[Records from a data collection]
*** Block opens ***

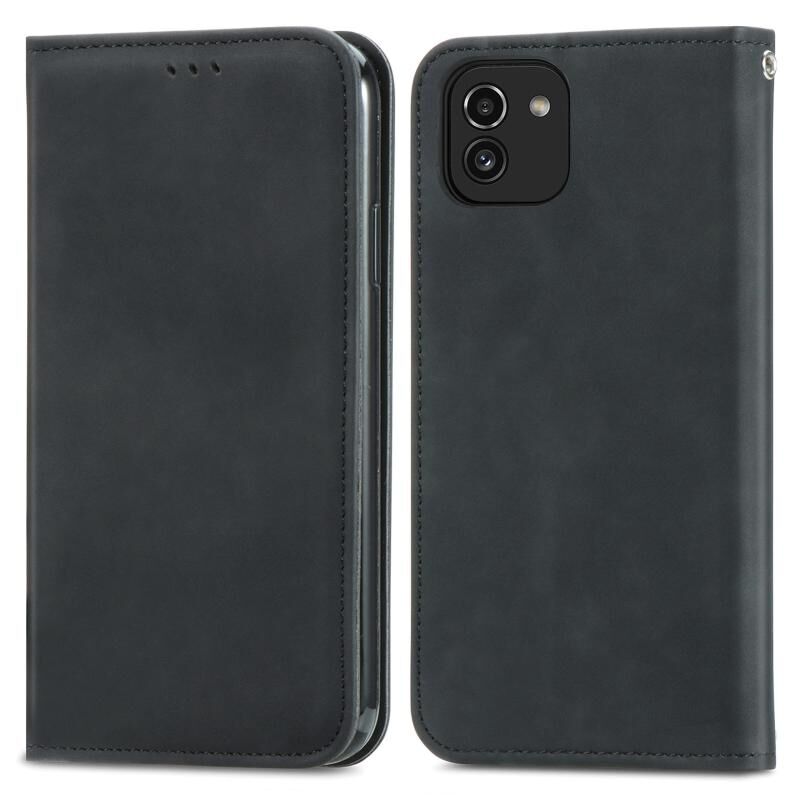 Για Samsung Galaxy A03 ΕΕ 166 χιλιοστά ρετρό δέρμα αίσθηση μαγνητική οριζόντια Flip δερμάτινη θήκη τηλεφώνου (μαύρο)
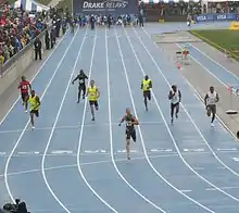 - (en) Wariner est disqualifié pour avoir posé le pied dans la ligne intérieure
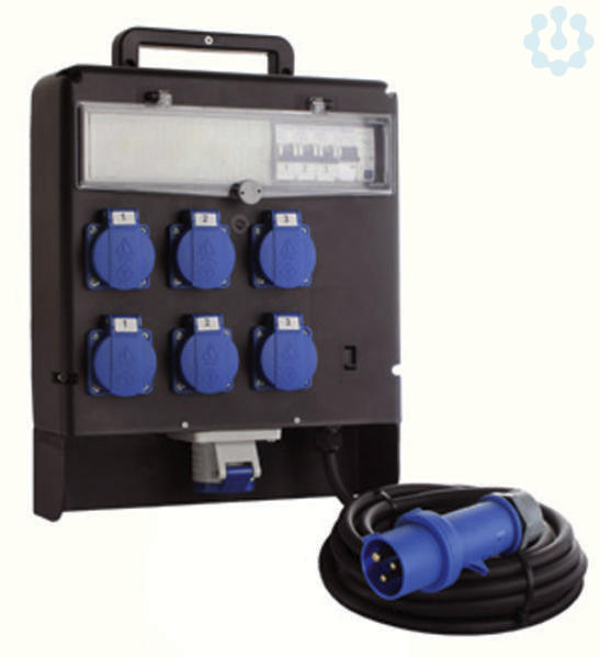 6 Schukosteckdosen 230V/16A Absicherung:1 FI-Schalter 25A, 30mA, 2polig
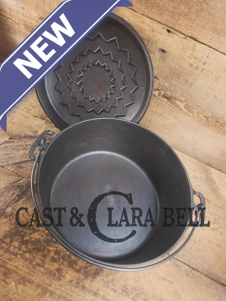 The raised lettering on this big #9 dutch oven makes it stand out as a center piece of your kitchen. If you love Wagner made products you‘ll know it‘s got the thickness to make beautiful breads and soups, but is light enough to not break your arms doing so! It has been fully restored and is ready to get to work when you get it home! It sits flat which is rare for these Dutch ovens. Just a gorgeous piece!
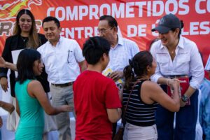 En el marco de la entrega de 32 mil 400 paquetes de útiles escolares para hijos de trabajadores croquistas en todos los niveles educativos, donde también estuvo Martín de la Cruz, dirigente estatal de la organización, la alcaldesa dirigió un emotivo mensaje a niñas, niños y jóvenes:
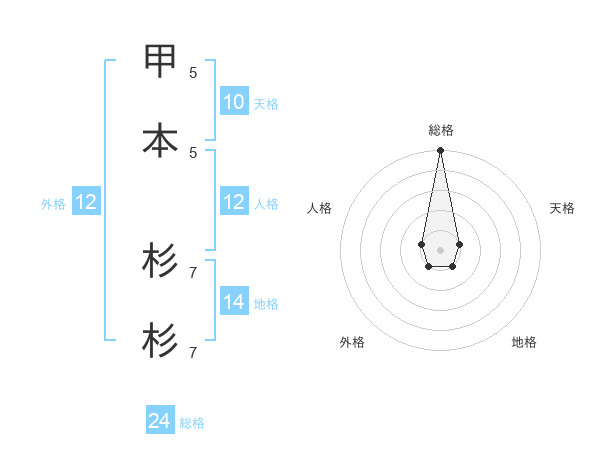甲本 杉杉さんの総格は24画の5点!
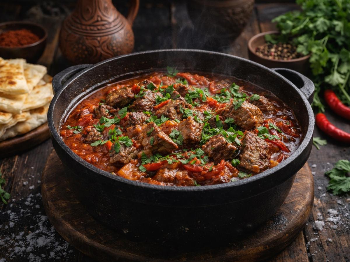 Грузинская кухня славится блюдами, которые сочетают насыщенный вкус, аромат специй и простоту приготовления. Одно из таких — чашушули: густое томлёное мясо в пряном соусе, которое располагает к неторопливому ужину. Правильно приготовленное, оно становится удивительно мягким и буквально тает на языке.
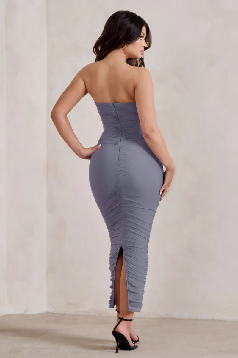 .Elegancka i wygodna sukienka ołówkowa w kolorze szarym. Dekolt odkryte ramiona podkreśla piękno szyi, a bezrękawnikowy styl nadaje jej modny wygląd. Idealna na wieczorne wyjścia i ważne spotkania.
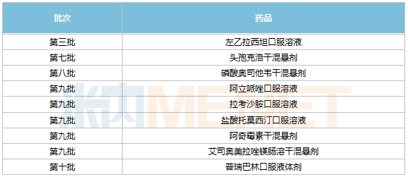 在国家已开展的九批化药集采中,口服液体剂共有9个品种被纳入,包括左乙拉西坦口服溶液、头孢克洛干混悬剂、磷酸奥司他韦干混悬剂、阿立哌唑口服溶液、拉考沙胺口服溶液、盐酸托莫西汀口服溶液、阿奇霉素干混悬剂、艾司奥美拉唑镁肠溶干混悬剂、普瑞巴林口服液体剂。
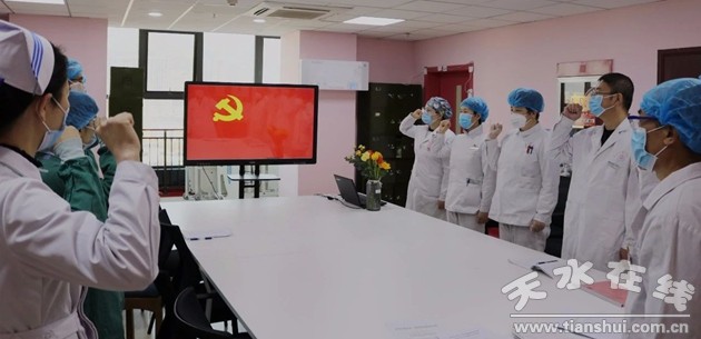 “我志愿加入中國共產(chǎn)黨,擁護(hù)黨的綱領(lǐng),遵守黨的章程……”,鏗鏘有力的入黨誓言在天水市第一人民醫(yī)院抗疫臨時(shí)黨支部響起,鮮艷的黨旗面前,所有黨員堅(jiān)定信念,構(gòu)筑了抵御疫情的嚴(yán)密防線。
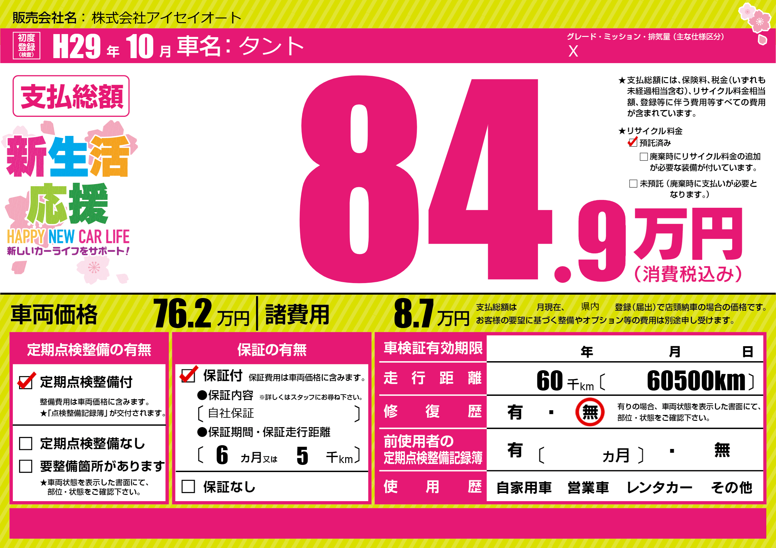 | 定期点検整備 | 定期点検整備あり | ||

*** Block closes ***
*** Block opens ***

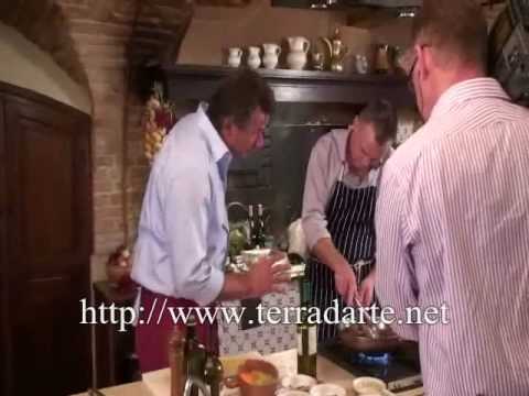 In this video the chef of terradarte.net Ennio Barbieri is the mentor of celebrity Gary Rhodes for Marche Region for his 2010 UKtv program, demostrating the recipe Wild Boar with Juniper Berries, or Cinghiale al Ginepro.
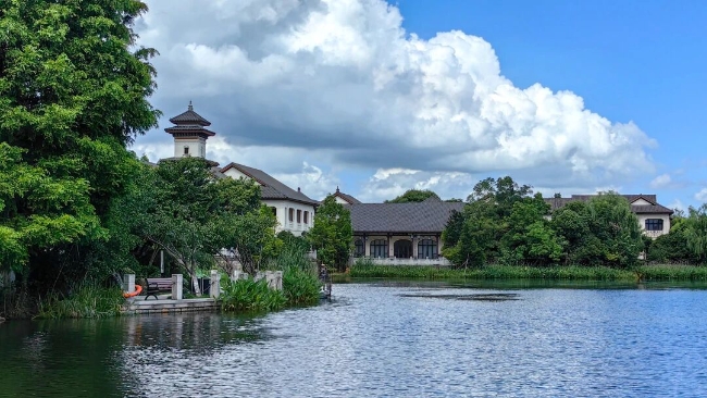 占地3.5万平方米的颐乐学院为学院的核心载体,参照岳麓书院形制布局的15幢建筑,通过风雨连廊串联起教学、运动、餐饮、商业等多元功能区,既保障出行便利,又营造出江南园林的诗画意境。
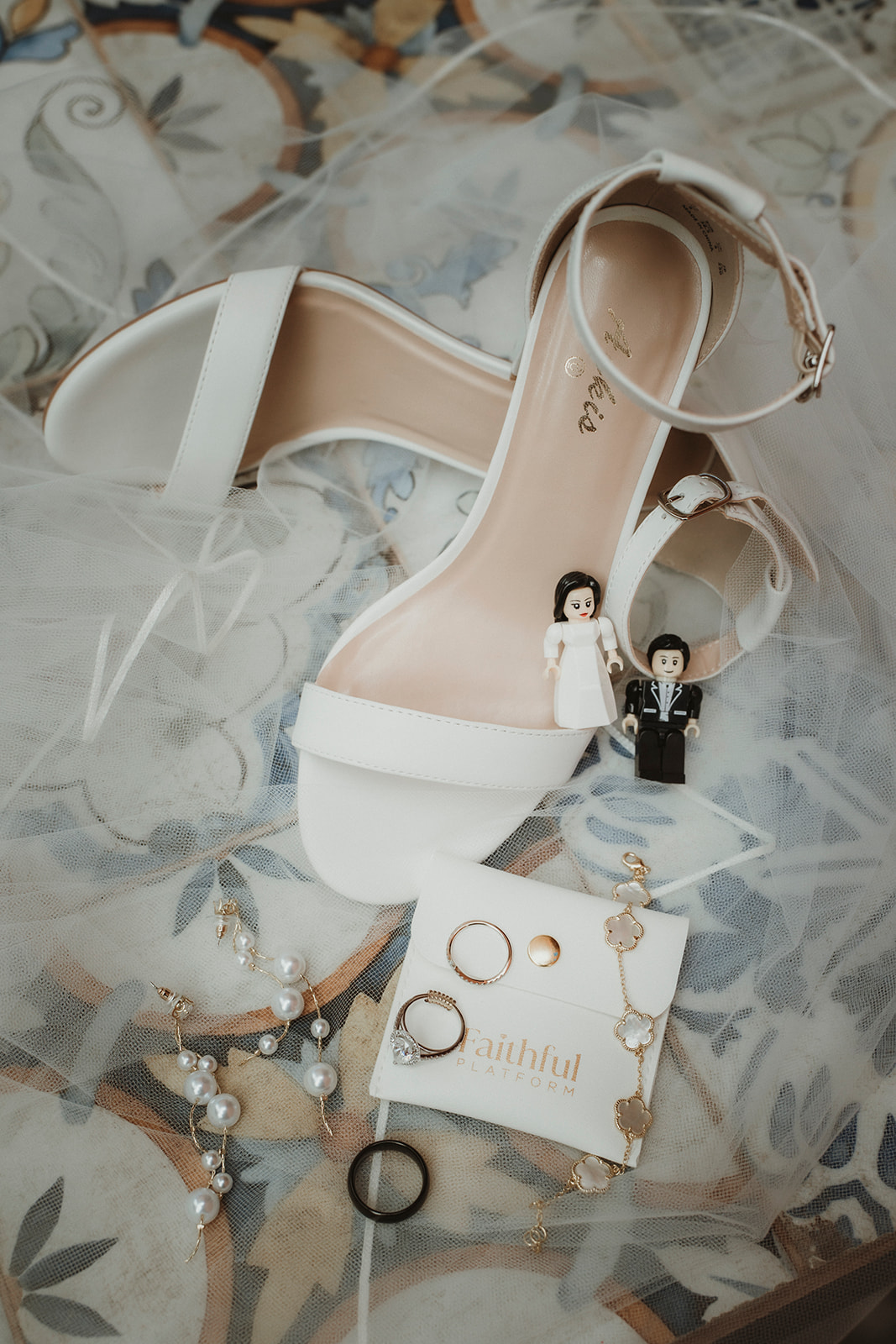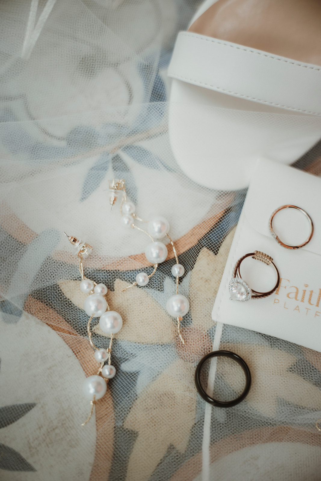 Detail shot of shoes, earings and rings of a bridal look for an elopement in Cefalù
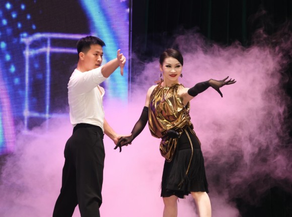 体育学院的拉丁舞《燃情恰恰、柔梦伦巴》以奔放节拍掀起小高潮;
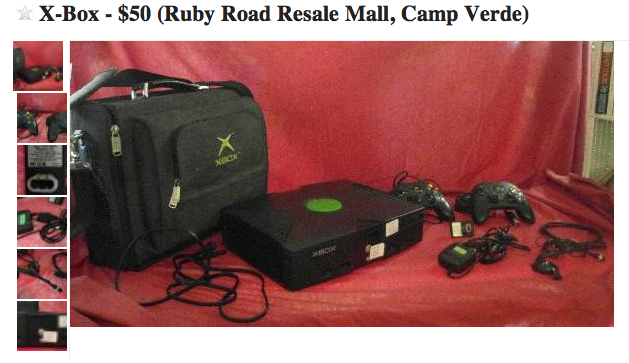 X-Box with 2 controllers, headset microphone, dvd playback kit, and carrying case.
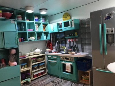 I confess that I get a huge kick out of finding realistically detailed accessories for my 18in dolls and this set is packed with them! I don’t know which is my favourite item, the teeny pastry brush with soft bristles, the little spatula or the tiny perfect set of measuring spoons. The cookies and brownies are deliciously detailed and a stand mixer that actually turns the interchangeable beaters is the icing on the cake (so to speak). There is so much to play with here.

*** Block closes ***

## Exercise aim
In the records above, find the line containing "Για Samsung Galaxy" and the line containing "6 Schukosteckdosen 230V/16A", then give both of them again word for word along with every line between. Omit any pictures.

## Result of the task
 Για Samsung Galaxy A03 ΕΕ 166 χιλιοστά ρετρό δέρμα αίσθηση μαγνητική οριζόντια Flip δερμάτινη θήκη τηλεφώνου (μαύρο)
 - (en) Wariner est disqualifié pour avoir posé le pied dans la ligne intérieure
 6 Schukosteckdosen 230V/16A Absicherung:1 FI-Schalter 25A, 30mA, 2polig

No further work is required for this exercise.